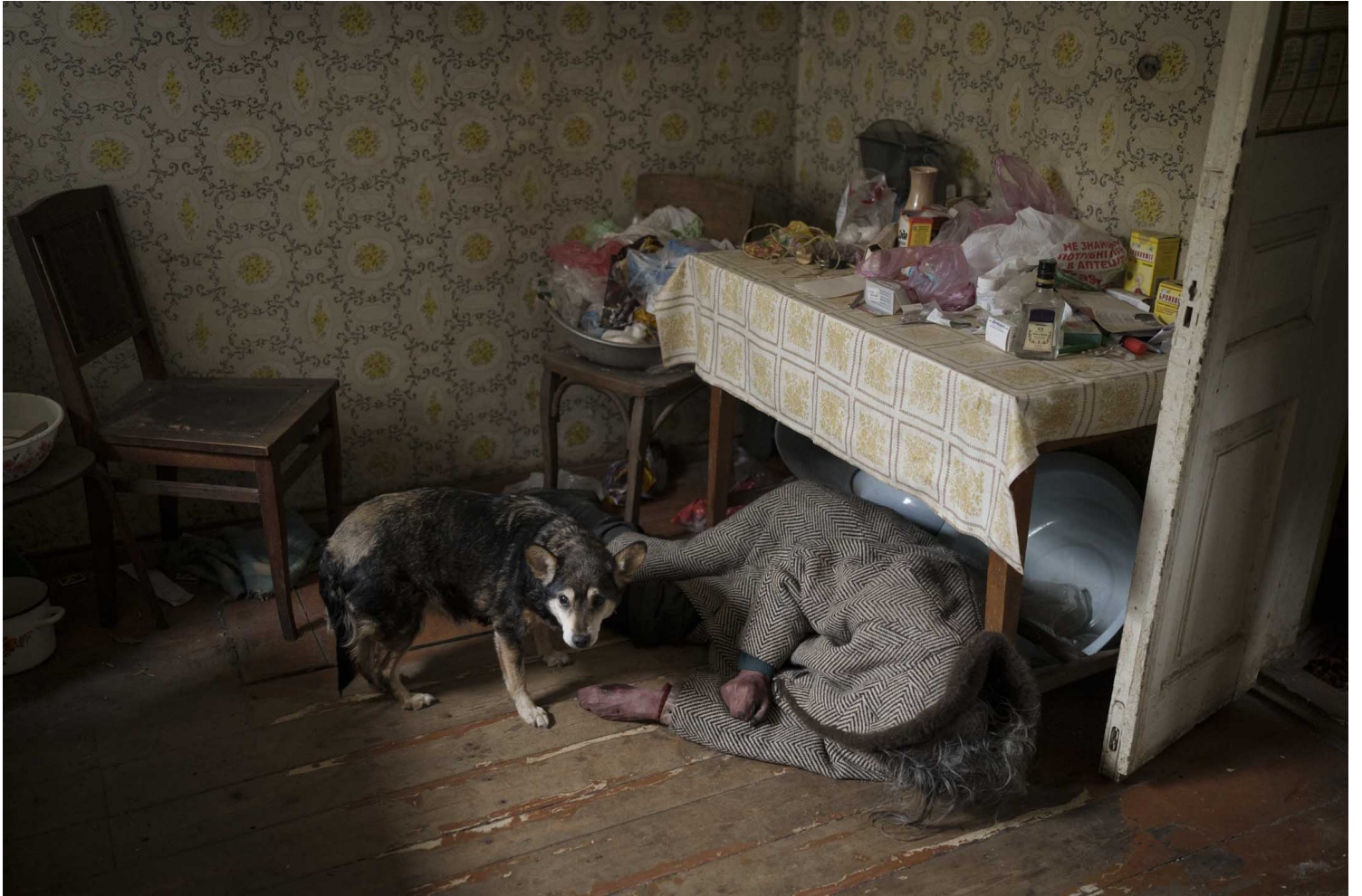
2022年4月5日，烏克蘭布查 (Bucha) 的一所房屋內，一隻狗站在一名老年婦女的屍體旁。
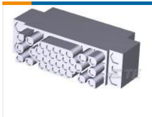
TE 产品编号926500-1 34P SER M GEHAEUSE
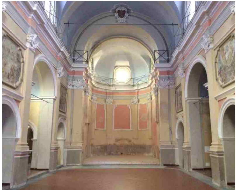
L'interno dell'antica parrocchiale

Domenica 29 maggio, in occasione dell'evento "Monumenti Aperti" si sono ufficialmente aperte le porte della vecchia chiesa parrocchiale dopo gli importanti lavori di recupero eseguiti negli ultimi anni. Si è così potuto constatare come è cambiata l'immagine interna dell'edificio dopo la rimozione delle parti che ne avevano variato il disegno originale. L'intervento che si sta affrontando in questi giorni riguarda invece il ripristino della facciata. I tre lotti di lavori affrontati finora sono costati 120.000 euro, di cui 80.000 finanziati dalla Fondazione CRC ed ora rimane l'ultimo importante lotto che prevede la tinteggiatura interna e il recupero delle parti affrescate. Sarà un intervento piuttosto importante, svolto con la collaborazione delle Belle Arti e che richiederà una spesa totale di oltre 200.000 euro. Questi lavori finali sono già oggetto di nuove richieste di finanziamento avanzate verso due diverse fondazioni bancarie e saranno inoltre inserite in una misura del PSR. Nel frattempo, i locali saranno utilizzati in qualche occasione così come i grandi e funzionali pannelli espositivi posizionati all'interno, realizzati con un contributo della Bottega del vino Moscato.
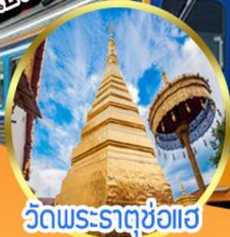
วัดพระธาตุดุช่อแอ
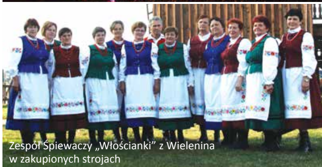
Zespół Śpiewaczy „Włościanki” z Wielenina w zakupionych strojach
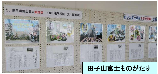
田子山富士ものがたり

【山仕舞い(お焚き上げ)】 8月21日(日)夕方5時半より、敷島神社境内にて、「コロナ退散」の願いも込めて、勇壮に行われました。「招福除災」・「火除け」の御利益があると言われている「燃えさし」を無料配布しました。
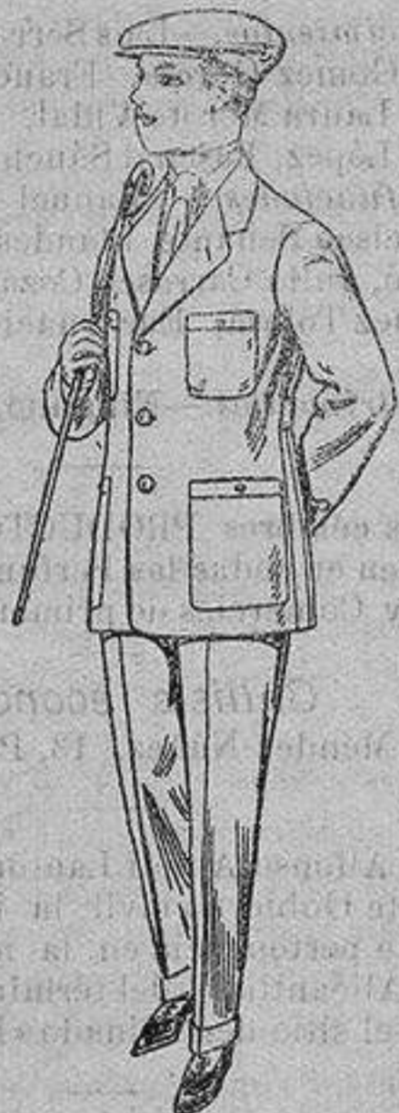
Trajes modelo sport, de dril listado, para jovencitos de 15 a 16 años. De ptas. 17 a 48.
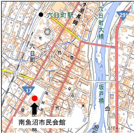
南魚沼市市民会館
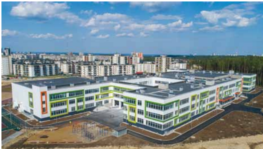
Школа на 1350 мест в Петрозаводске

ближайших планах. Чем бы мы ни занимались, но жилищное строительство было и остаётся приоритетным направлением, поэтому на протяжении последних лет мы регулярно становимся лидерами по вводу жилья в регионе.
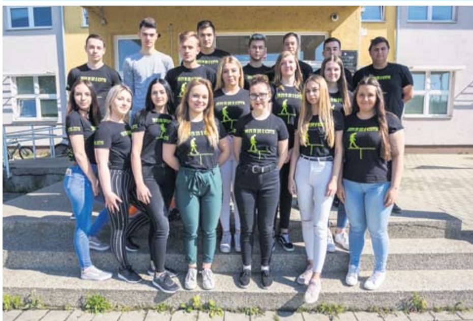
Strukovna škola Virovitica- IV. a razred - Ekonomisti
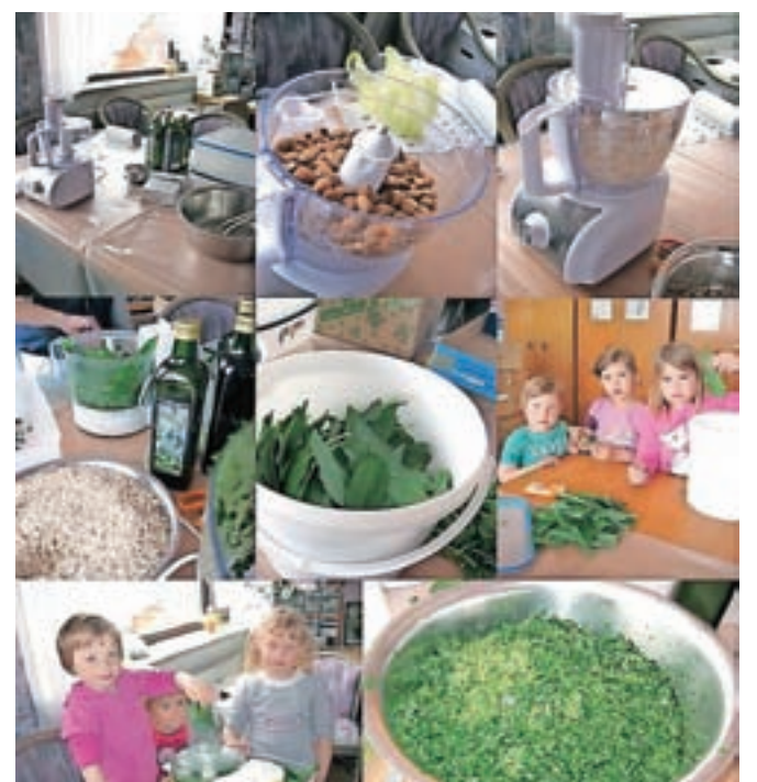
Letos so že izdelali naraven čemažev pesto.
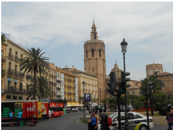
Cattedrale di Valencia

principale o “de los Hierros” (dei Ferri - Barocca), Portale degli Apostoli (Gotica) e Portale del Palazzo (Romanica). Il campanile della Cattedrale è stato costruito tra il XIV ed il XV secolo. È una torre a pianta ottagonale con un'altezza di 50 metri, di marcato carattere gotico che si trova accanto al barocco Portale dei Ferri.
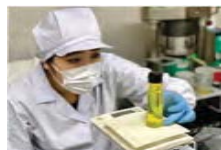
地域資源を活用した新商品開発
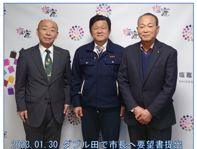
2023. 01. 30 ダブル田で市長へ要望書提出
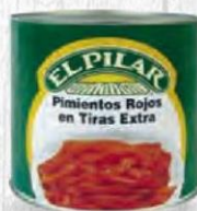
EL PILAR PIMIENTOS ROJOS TIRAS EXTRA CAJA 6 UDS. Lata 3 kg. Cod: 350
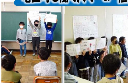
3年生 内容が充実した壁新聞と堂々とした発表

4年生は、今まで体験的に学んできた「福祉学習」のまとめを発表し、さらに実際に体験してもらう形で伝えることができました。車椅子体験や高齢者体験、点字打刻体験、そして手話教室の4つの体験を用意し、自分たちが「教える側」に立つことで、大変説得力のある発表になりました。
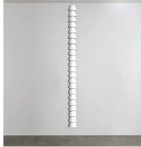
"Chaînes" Mineral Single 8 pieces + 2 A.P. + 2 Prototypes
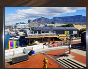
ท่าเรือ V&A waterfront
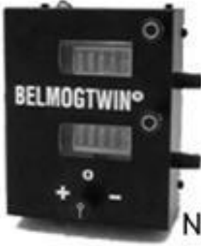
Belmogtwin MK II BELMOG New Belmogtwin
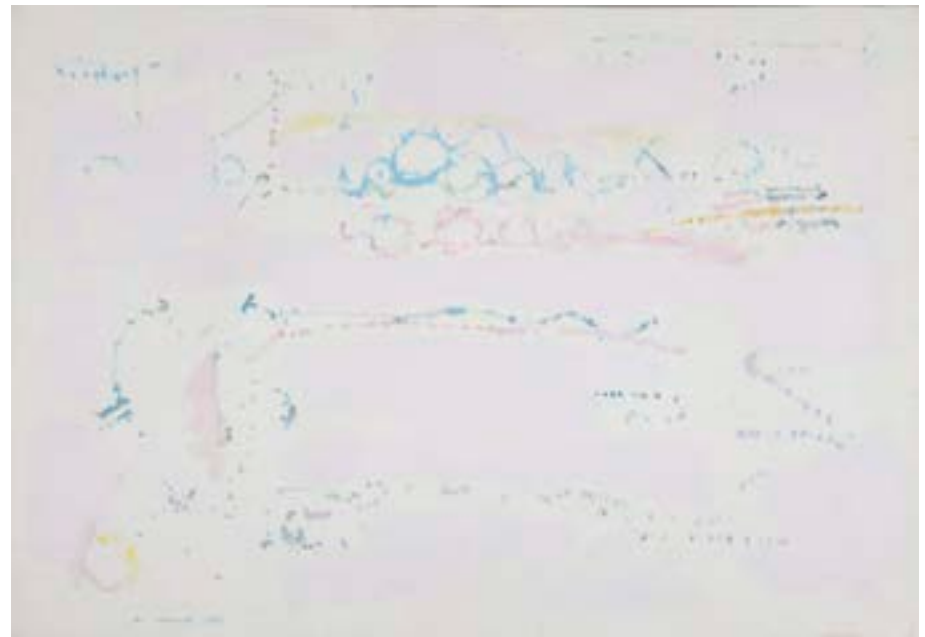
Paisaje con nubes, 1980. Acrílico sobre papel pegado a tabla. 51 x 73,5 cm

Procedencia: Estudio del artista || Colección hijos de Hernández Mompó
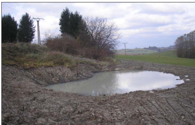
lokality pod Hůrkami

spáchaných tak, aby se krajina stala „přívětivou“ pro obyvatelé obce a návštěvníky přírody a aby došlo ke zlepšení přírodních podmínek nutných pro existenci druhové rozmanitosti rostlinných a živočišných společenstev. V roce 2011 byla na objednávku Agentury ochrany přírody a krajiny v Ostravě zpracována fy. Arvita P Otrokovice krajinářské studie s názvem Podpory ekologické stability krajiny v k.ú. Hodslavice . Tato studie obsahuje mimo jiné řadu návrhů lokalit k vybudování malých vodních tůň, které by měly sloužit jak ke zlepšení retenčních schopností krajiny, tak k podpoře života rostlinných a živočišných společenstev vázaných na vodu. Stejně jako na řadě jiných území i na našem katastru je vážným problémem krajiny neschopnost dlouhodobě zadržovat vodu.
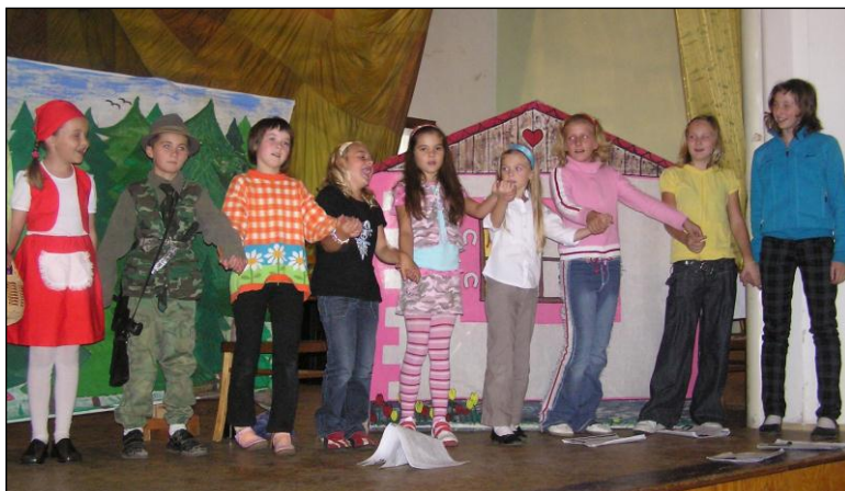
Vystoupení dětí na „Setkání důchodců“ (9.10.2009)
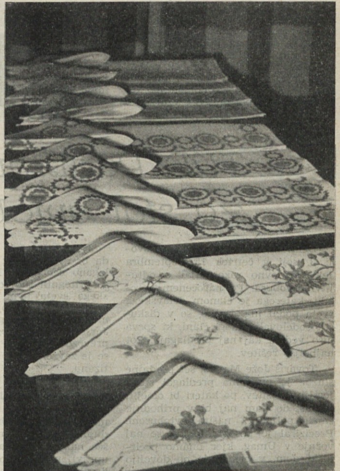
Induplati set garniture najlepše darilo za vsako priliko

Precej tkanin je tudi tiskanih. Vsi deseni pa so zanimivi in prikupni. Zaključno lahko ustvarjalcem novih izdelkov le čestitamo. Zadovoljni smo lahko obenem s programom dela, ker zagotavlja v zaključni fazi lažjo pot do kupca.
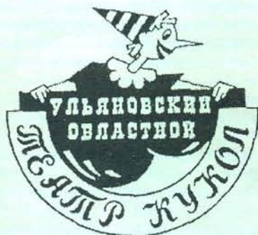
Первая эмблема театра

навес ручной работы. А чтобы это все было воплощено в жизнь как можно скорее, горожане и предприятия собрали почти 2 миллиона рублей. И теперь восхищенные лица и восторженные глаза детей, входящих в зал Кукольного храма, будут живо напоминать счастливый финал сказки Алексея Толстого "Золотой ключик" - Новый Театр дает Свое Первое Представление.
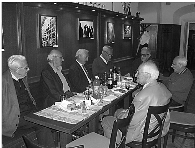
Fogyóban az osztálylétszám

a '45-ben érettségizett A és B osztály gondviselője
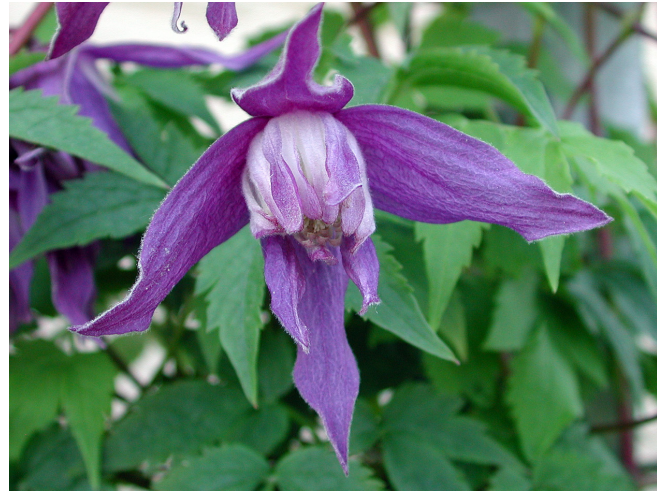
'Clochette Pride' E – atragene-klematis

→ Directions for this task
Each line of the data is to be duplicated exactly; pictures stay out of the copy.

→ Exercise solution
2022年4月5日，烏克蘭布查 (Bucha) 的一所房屋內，一隻狗站在一名老年婦女的屍體旁。
TE 产品编号926500-1 34P SER M GEHAEUSE
L'interno dell'antica parrocchiale

Domenica 29 maggio, in occasione dell'evento "Monumenti Aperti" si sono ufficialmente aperte le porte della vecchia chiesa parrocchiale dopo gli importanti lavori di recupero eseguiti negli ultimi anni. Si è così potuto constatare come è cambiata l'immagine interna dell'edificio dopo la rimozione delle parti che ne avevano variato il disegno originale. L'intervento che si sta affrontando in questi giorni riguarda invece il ripristino della facciata. I tre lotti di lavori affrontati finora sono costati 120.000 euro, di cui 80.000 finanziati dalla Fondazione CRC ed ora rimane l'ultimo importante lotto che prevede la tinteggiatura interna e il recupero delle parti affrescate. Sarà un intervento piuttosto importante, svolto con la collaborazione delle Belle Arti e che richiederà una spesa totale di oltre 200.000 euro. Questi lavori finali sono già oggetto di nuove richieste di finanziamento avanzate verso due diverse fondazioni bancarie e saranno inoltre inserite in una misura del PSR. Nel frattempo, i locali saranno utilizzati in qualche occasione così come i grandi e funzionali pannelli espositivi posizionati all'interno, realizzati con un contributo della Bottega del vino Moscato.
วัดพระธาตุดุช่อแอ
Zespół Śpiewaczy „Włościanki” z Wielenina w zakupionych strojach
田子山富士ものがたり

【山仕舞い(お焚き上げ)】 8月21日(日)夕方5時半より、敷島神社境内にて、「コロナ退散」の願いも込めて、勇壮に行われました。「招福除災」・「火除け」の御利益があると言われている「燃えさし」を無料配布しました。
Trajes modelo sport, de dril listado, para jovencitos de 15 a 16 años. De ptas. 17 a 48.
南魚沼市市民会館
Школа на 1350 мест в Петрозаводске

ближайших планах. Чем бы мы ни занимались, но жилищное строительство было и остаётся приоритетным направлением, поэтому на протяжении последних лет мы регулярно становимся лидерами по вводу жилья в регионе.
Strukovna škola Virovitica- IV. a razred - Ekonomisti
Letos so že izdelali naraven čemažev pesto.
Cattedrale di Valencia

principale o “de los Hierros” (dei Ferri - Barocca), Portale degli Apostoli (Gotica) e Portale del Palazzo (Romanica). Il campanile della Cattedrale è stato costruito tra il XIV ed il XV secolo. È una torre a pianta ottagonale con un'altezza di 50 metri, di marcato carattere gotico che si trova accanto al barocco Portale dei Ferri.
地域資源を活用した新商品開発
2023. 01. 30 ダブル田で市長へ要望書提出
EL PILAR PIMIENTOS ROJOS TIRAS EXTRA CAJA 6 UDS. Lata 3 kg. Cod: 350
3年生 内容が充実した壁新聞と堂々とした発表

4年生は、今まで体験的に学んできた「福祉学習」のまとめを発表し、さらに実際に体験してもらう形で伝えることができました。車椅子体験や高齢者体験、点字打刻体験、そして手話教室の4つの体験を用意し、自分たちが「教える側」に立つことで、大変説得力のある発表になりました。
"Chaînes" Mineral Single 8 pieces + 2 A.P. + 2 Prototypes
ท่าเรือ V&A waterfront
Belmogtwin MK II BELMOG New Belmogtwin
Paisaje con nubes, 1980. Acrílico sobre papel pegado a tabla. 51 x 73,5 cm

Procedencia: Estudio del artista || Colección hijos de Hernández Mompó
lokality pod Hůrkami

spáchaných tak, aby se krajina stala „přívětivou“ pro obyvatelé obce a návštěvníky přírody a aby došlo ke zlepšení přírodních podmínek nutných pro existenci druhové rozmanitosti rostlinných a živočišných společenstev. V roce 2011 byla na objednávku Agentury ochrany přírody a krajiny v Ostravě zpracována fy. Arvita P Otrokovice krajinářské studie s názvem Podpory ekologické stability krajiny v k.ú. Hodslavice . Tato studie obsahuje mimo jiné řadu návrhů lokalit k vybudování malých vodních tůň, které by měly sloužit jak ke zlepšení retenčních schopností krajiny, tak k podpoře života rostlinných a živočišných společenstev vázaných na vodu. Stejně jako na řadě jiných území i na našem katastru je vážným problémem krajiny neschopnost dlouhodobě zadržovat vodu.
Vystoupení dětí na „Setkání důchodců“ (9.10.2009)
Induplati set garniture najlepše darilo za vsako priliko

Precej tkanin je tudi tiskanih. Vsi deseni pa so zanimivi in prikupni. Zaključno lahko ustvarjalcem novih izdelkov le čestitamo. Zadovoljni smo lahko obenem s programom dela, ker zagotavlja v zaključni fazi lažjo pot do kupca.
Первая эмблема театра

навес ручной работы. А чтобы это все было воплощено в жизнь как можно скорее, горожане и предприятия собрали почти 2 миллиона рублей. И теперь восхищенные лица и восторженные глаза детей, входящих в зал Кукольного храма, будут живо напоминать счастливый финал сказки Алексея Толстого "Золотой ключик" - Новый Театр дает Свое Первое Представление.
Fogyóban az osztálylétszám

a '45-ben érettségizett A és B osztály gondviselője
'Clochette Pride' E – atragene-klematis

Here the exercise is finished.